Long Shot: The Kevin Laue Story led English-language indies with $10,500 per on 1 screen. It got 4 paragraph review from a freelancer in the NYT.
Remember those blocks of clay you could buy and you’d chip away until you got to the hard plastic statue underneath? That’s what Argo‘s return to the top reminds me of today, finally getting the top slot in its third weekend. It will still be running slightly behind The Town after this weekend, but it may slip that by the end of next weekend. We’ll see.
Meanwhile, with six years in between movies, I kinda assumed that there were a few more Silent Hill movies out there. I was wrong. This one’s 57% off the opening day of the last one. That would suggest an $11.4m weekend… but I’m not sure they’ll get there.

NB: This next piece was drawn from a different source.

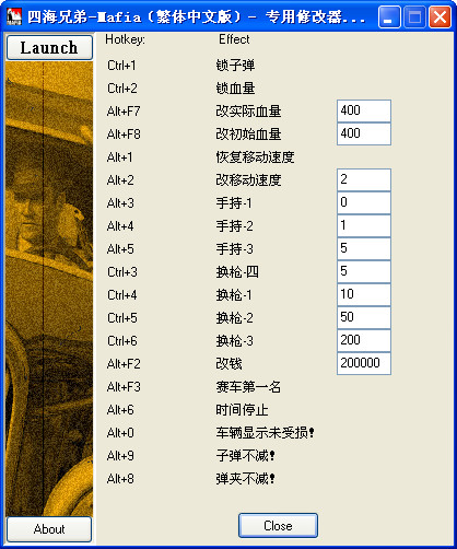 四海兄弟修改器是同名游戏的一款游戏辅助工具,功能强大,子弹,时间,手枪什么的都能修改,保证让你轻轻松松通关

Cloud Atlas just didn’t take. The Wachowskis came out of media hiding… and gloriously so. But to little avail. Their sixth film will be their 2nd worst opener. It might cheer fans of CA that the film that did worse was Bound, which grossed less domestically in total than CA will in its first day and a half. And that film is now considered a classic. But the energy around this just didn’t add up to box office. No one is making fun of Cloud Atlas (As opposed to making snarky, nasty, lazy, infantile digs at Lana) on, say, Funny or Die or Letterman or Leno. It’s not a big cultural event outside of the “cultured class.” I’m not sure WB had a lot more to do with this film. Some sort of 2 minute or 5 minute piece on what the movie is might have helped a bit. But it would have had to have come out months ago to make a difference. It’s really hard when someone says, “What’s it about?” and the answer sounds like fart in a holistic bookstore. I’m not claiming this was the runaway hit of the season waiting to happen. But a $20m opening doesn’t seem impossible.
Paranormal Activity 4 is still tracking to do about 1/3 less than any other PA movie. Is the franchise winding down or the marketing… or both? This is still very profitable, but the last one seems to have been the series peak.

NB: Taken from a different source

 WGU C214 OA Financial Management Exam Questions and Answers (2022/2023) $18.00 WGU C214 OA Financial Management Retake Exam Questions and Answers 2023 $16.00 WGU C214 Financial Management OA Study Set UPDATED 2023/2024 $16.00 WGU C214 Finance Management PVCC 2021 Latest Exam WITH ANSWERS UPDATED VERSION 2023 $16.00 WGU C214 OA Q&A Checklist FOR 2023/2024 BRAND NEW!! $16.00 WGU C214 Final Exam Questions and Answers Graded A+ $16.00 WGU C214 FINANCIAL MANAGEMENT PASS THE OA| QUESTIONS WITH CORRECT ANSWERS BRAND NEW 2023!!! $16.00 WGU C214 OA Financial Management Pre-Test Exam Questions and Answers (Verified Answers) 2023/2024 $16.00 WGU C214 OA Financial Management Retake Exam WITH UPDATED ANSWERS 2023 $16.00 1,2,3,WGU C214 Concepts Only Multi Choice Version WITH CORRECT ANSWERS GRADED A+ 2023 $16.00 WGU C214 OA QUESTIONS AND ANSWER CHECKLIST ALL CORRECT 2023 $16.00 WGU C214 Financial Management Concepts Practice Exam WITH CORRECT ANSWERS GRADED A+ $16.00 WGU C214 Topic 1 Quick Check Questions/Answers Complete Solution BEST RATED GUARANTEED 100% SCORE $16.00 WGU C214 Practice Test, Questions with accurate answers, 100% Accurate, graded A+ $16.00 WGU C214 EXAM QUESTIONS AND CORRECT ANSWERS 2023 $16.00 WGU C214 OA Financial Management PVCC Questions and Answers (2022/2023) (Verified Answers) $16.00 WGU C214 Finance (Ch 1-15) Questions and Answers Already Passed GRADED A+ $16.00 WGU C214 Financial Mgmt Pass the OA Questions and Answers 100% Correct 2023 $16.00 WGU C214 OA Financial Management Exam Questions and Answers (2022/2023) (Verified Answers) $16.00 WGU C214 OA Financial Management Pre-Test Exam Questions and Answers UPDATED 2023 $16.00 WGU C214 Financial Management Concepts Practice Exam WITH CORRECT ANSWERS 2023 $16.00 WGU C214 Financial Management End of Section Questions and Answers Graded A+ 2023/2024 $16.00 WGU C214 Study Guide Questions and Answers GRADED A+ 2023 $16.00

Taken and Taken 2 are more of a classic genre sequel situation. 2 is doing business faster… but 1 seems to have stronger legs. I like Tak2 to wrap up domestically within $10m of the original.
Hotel T passes Cloudy 2/ Meatballs today. And it’s got at least another $20m in the domestic tank.

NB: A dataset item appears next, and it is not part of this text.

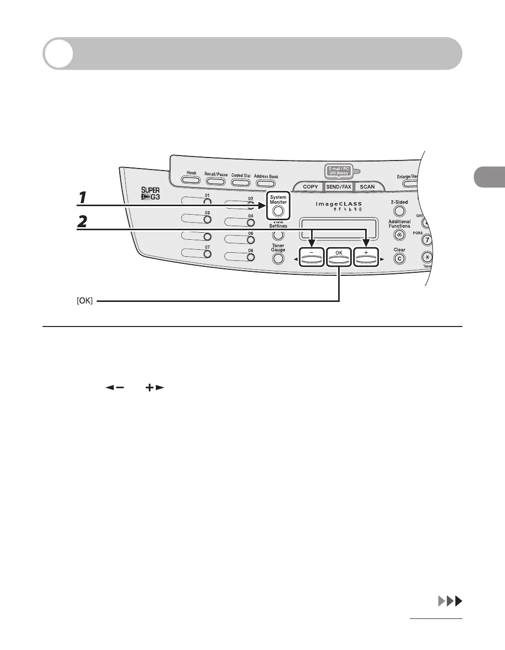 1 Press [System Monitor] repeatedly to select <COPY STATUS>, then press [OK].

Nothing fun about that Fun Size opening. Is it a comedy about height-challenged sex addicts?
Chasing Mavericks is a horrible car wreck. A $400 per screen/$1200 per for the weekend (they now hope) release is worse than From Justin to Kelly or Thunderbirds, as a point of reference. Ouch.
Not much non-highly-specialized joy in the indie world this weekend. But I must say, not going to see Pusher (UK version) is a mistake that many people will wish they hadn’t made when they finally see the film.